The sun sets and casts defining shadows the mid-day never knows. Bright daylight bleaches details that would go unnoticed, save for the setting sun.
If you’re not a late-day walker, you won’t see these vital notes. If all you know is one time of day, even if that one time is a significant block of hours, you’ll miss nuances of what’s all around you.
You won’t know your place. I’ll go further and say, you won’t really know who you are, if you don’t get exposure to different light.
A few days ago, I took a walk in my neighborhood–one of many daily walks. I’m a transplant to this area and it’s all new to me. While there are many dog walkers in this secluded community, I’ve not seen many cats. And I do love cats, very much.
On this particular day, I came across a black cat that I had met earlier in the week. She saw me this second time, I saw her, and a hand up, and a tail up. We walked toward each other, in greeting.

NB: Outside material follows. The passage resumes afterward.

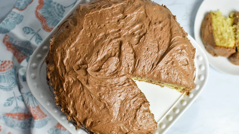 Sometimes all you want is a simple, no-fuss cake — just like this classic yellow cake with chocolate frosting developed by Stephanie Rapone. She says, "My family loves it, and it is simple to make with ingredients I always have around." Like Rapone mentions, this cake calls for kitchen staples that you're likely already stocked up on, such as flour, butter, and eggs. You may need to run out to the market for the frosting ingredients, which includes chocolate chips, espresso powder, and sour cream, but it will be worth it. Rapone says, "The frosting can't be beat — it's not overly sweet, but it's still super chocolatey." Once finished, she suggests serving with a tall, cold glass of milk.

She’s a great cat. Brown whiskers, no voice, so willing to be patted and spoken to! How can one be so friendly, without past experiences together? How had she been treated, to greet a stranger this fantastic way? isn’t that a tribute to her owners?
I steadied myself, then crouched and splayed my hands at my side. She walked around me, pushing her face and edges of her teeth into my knees, fingers, and forearms. When a cat is happy, their human companion’s ills are forgotten. That’s right, every problem weighing on me was gone.
Few beings have this power. And too few people get the pleasure of such an experience.
If you haven’t, you have to find a way to get to this release. If you can’t imagine it, you can start by believing it. If you don’t want it, you need it more than anyone.
If you’ve had an animal’s acceptance and love, you’ll take it again, any time such a creature comes by.
I noticed something when she trotted towards me. Her head was tilted, like she was pondering a question, similar to, “Hmm, do I know you?”
As we spent our moments, I realized something that halted my good feelings. Her head was tilted, permanently. I gave her a close look, over the course of our few minutes. This cat was looking at life through a ten-degree neck twist.
Was it nerve damage, from an accident? Or had she been this way from birth?
No collar, no obvious owner to talk to. No answers.
Damn it! I cursed the tilt. I felt sorry that whatever happened to her, she’d been left bent this way. She didn’t seem distressed or in pain in any way. And then I thought, maybe the process worked in reverse, too. Maybe her ills go away–not just mine–when she happens to come across an animal lover. Maybe she can spot such people, by how we look at her, what greetings we emit, and when our body posture says, “You have a friend if you want one. Want to come over?”
Maybe she forgets her pain when she’s touched and loved. And when she can touch you, and love you.
I’ve met her twice and hope to make it a regular event, here in this new neighborhood. I’ve learned that when I walk away from her, I can’t look back, because she will come running. I can glance back when I’m a bit of a distance away, to be assured she’s cleaning a paw, safely on a plot of lawn, perhaps at her own home.
I walked towards my apartment and the reality of life flowed back into me. The sun sets and casts shadows, and I could see mine, clearly defined in length in front of me. And then I saw something I’d never seen before. My shadow showed what I didn’t realize about myself. I too, was tilted. Bent, crooked, from an accumulation of a due course of life.
We–both of us–are going to be all right.